* [ACTIVITY]:
Your copy of the entries below should hold exactly the lines from the one containing "Синій колір в обстановці спальні" to the one containing "#صنعاء : صور", inclusive, and no pictures.

* [DATASET CONTENT]:

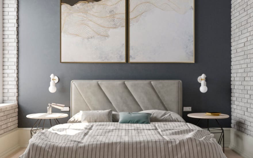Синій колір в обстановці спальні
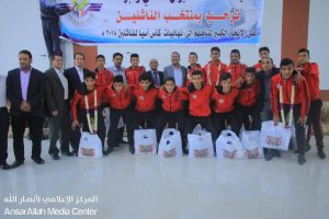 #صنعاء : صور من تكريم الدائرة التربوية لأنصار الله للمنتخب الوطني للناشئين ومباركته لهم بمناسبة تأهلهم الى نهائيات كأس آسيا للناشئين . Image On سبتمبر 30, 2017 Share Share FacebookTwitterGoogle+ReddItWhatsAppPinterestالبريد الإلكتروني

--

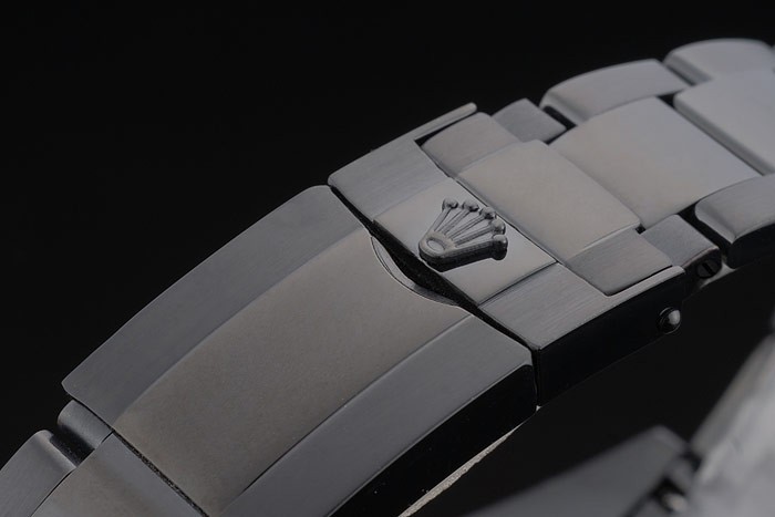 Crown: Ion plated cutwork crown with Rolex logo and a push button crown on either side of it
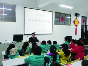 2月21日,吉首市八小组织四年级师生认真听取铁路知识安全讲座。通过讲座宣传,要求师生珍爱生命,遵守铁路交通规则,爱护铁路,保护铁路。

--

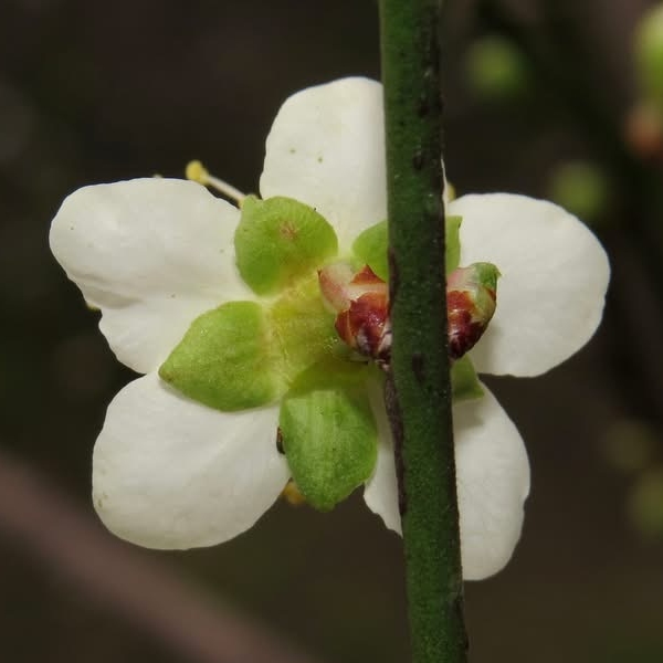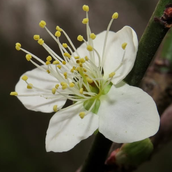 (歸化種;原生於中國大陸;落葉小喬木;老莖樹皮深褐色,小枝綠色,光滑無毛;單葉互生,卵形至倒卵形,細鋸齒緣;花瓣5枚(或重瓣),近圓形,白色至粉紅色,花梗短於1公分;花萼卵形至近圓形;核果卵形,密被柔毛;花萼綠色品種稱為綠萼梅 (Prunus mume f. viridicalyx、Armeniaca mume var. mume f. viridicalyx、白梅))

* [WRITTEN RESPONSE]:
Синій колір в обстановці спальні
 #صنعاء : صور من تكريم الدائرة التربوية لأنصار الله للمنتخب الوطني للناشئين ومباركته لهم بمناسبة تأهلهم الى نهائيات كأس آسيا للناشئين . Image On سبتمبر 30, 2017 Share Share FacebookTwitterGoogle+ReddItWhatsAppPinterestالبريد الإلكتروني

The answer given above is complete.